The construction sector has traditionally been a male-dominated field, but the number of women entering this industry has steadily increased in recent years. As the sector expands, more women must be permitted and encouraged to participate and contribute to its success. In this article, we’ll look at why the construction industry needs more women, the obstacles women experience when entering the field, tactics for promoting female participation, success stories of women making waves in the sector, and a call to action for gender diversity in construction.
Why Do Women Need to Work in the Construction Industry?
The construction industry is experiencing a skilled worker shortage, and recruiting more women can assist to fill this void. There simply aren’t enough workers so increasing participation among previously excluded groups is essential. Women contribute unique views and problem-solving abilities to the workplace, which can boost productivity and innovation. Furthermore, more women in construction can contribute to a more inclusive and varied working atmosphere. Gender diversity in the workplace has been shown in studies to boost problem-solving, creativity, and production.

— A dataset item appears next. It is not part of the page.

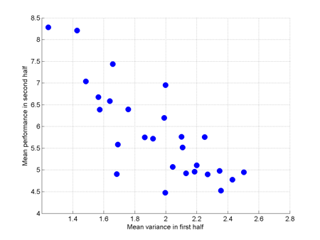 Normally we would expect people who perform best in the first half of a test to perform best in the second half (depressingly people who start out ahead usually stay there!). But this analysis showed up something interesting: a strong correlation between variability in the first half and performance in the second half. You can see this in the graph: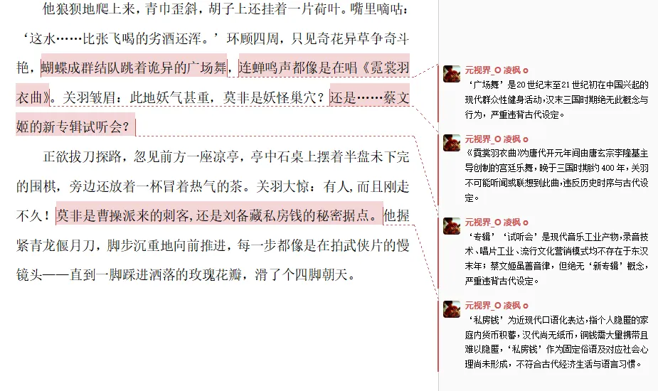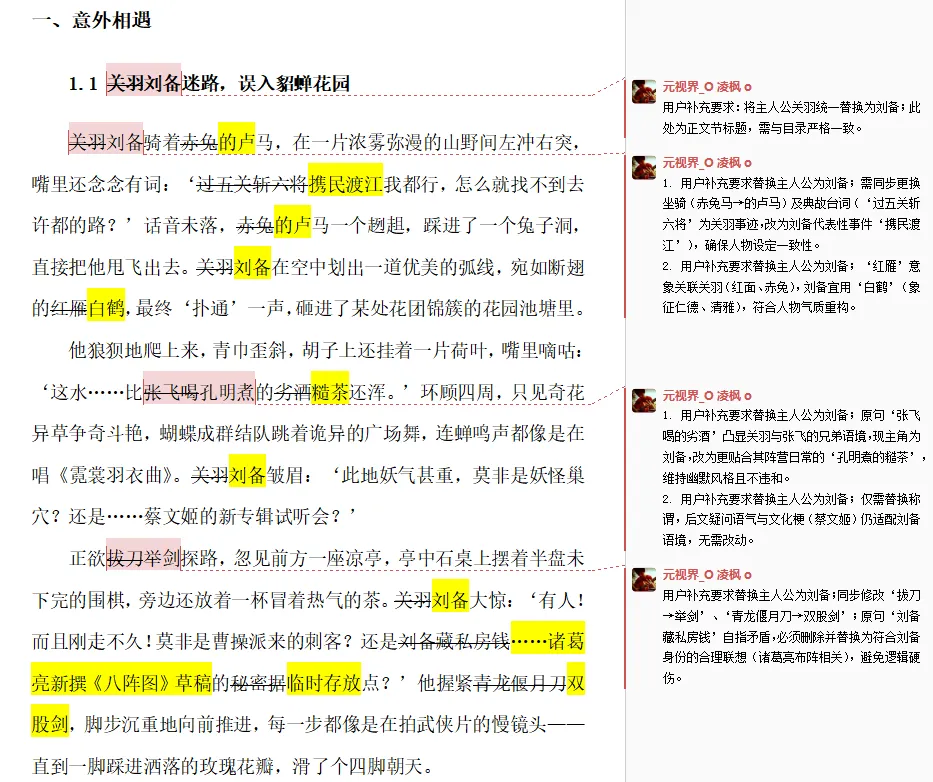 普通模式,就是直接修改,没有这些删除线,高亮和批注。审查模式我们再测试一下:审查一下文章中不符合古代设定的内容。

Commerce Secretary Gina Raimondo recently noted that with so many unfilled jobs in construction, getting more women into the industry is not social policy – it’s a commercial imperative.
Women in the Construction Industry Face Difficulties
Despite the fact that more women are entering the construction sector, they encounter a number of obstacles, including:
- Bias and Discrimination: In the sector, women continue to endure bias and discrimination, especially where things like pay and upward mobility are concerned.
- Women frequently struggle to locate mentors and role models in the profession who can assist them in navigating the hurdles they face.
- Physical Requirements: The construction sector is physically demanding, so women need to be on the lookout for things like pregnancy protection which employers should but do not always provide in adaqaute ways.
- Workplace Culture: Male-dominated culture can make women feel alone or ostracized.
Skillit’s own Rachael Becker will be speaking about these topics at the Construction Industry Education Foundation’s 2023 Women in Construction Fall Conference in Sacramento, CA on October 5, 2023.
How Can the Construction Industry Help Women?
Companies and groups can take numerous initiatives to support the growing number of women entering the construction sector, including:
- Addressing Bias and Discrimination: Businesses can take actions to address bias and discrimination in the workplace, such as guaranteeing equitable compensation and advancement opportunities.
- Mentorship: Companies can also offer mentorship and coaching programs to assist women in navigating the hurdles they confront and advancing their careers in the field.
- Offering Flexible Work Arrangements: Flexible work arrangements, such as remote work or flexible schedules, can also assist women in balancing their professional and personal life. Undoubtedly, these arrangements can help men as well, and are by no means exclusive to women. What’s more, the goal should be equality.
- Companies can also encourage diversity and inclusion in the workplace by fostering a culture that welcomes and supports women in the sector. One of the ways they can do this is by creating a safe space to air and identify grievances, in part by supporting trusted , diverse leadership.
Increased Female Participation Strategies
Employers can take a number of actions to attract and retain more women in the construction industry. One important method is to encourage gender diversity in the working culture with the ultimate goal of equality, not special treatment. This can include fostering a welcoming environment that embraces diversity and is free of gender bias. Mentorship and training programs can also be useful in assisting women in developing skills and confidence, as well as navigating the hurdles that they may experience in their employment. Offering flexible work arrangements, such as job sharing or part-time work, can benefit women with caregiving duties or other commitments. Finally, implementing safety measures that especially target the requirements of women, such as providing suitable PPE and constructing facilities that are accessible to women, can assist to make the workplace safer and more welcome for women.
Mortenson for example, a top ENR contractor, implements many of these recommendations and offers highlights from its annual women in construction event on its website.
Women Making a Difference in Construction
Regardless of the obstacles they confront, women have made important contributions to the construction business. Women are breaking down boundaries and making their impact in this sector, from engineers and architects to project managers and tradeswomen. Marjorie Perry, CEO of MZM Construction & Management Company, for example, has been named one of the top 25 female CEOs in New Jersey. Dr. Judith Rodin, the first woman to run an Ivy League university and past president of the Rockefeller Foundation, started her career as a construction worker. These success stories can serve as motivation for other women contemplating a career in construction.
The construction business is evolving, and an increasing number of women are entering this historically male-dominated area. Equality won’t come easy, and we all need to work for it. While women continue to confront problems in the sector, such as bias and discrimination, there are also chances for women to make a difference and flourish. We can establish a more vibrant and successful construction sector that benefits everyone if we solve these difficulties and promote diversity and inclusion in the business.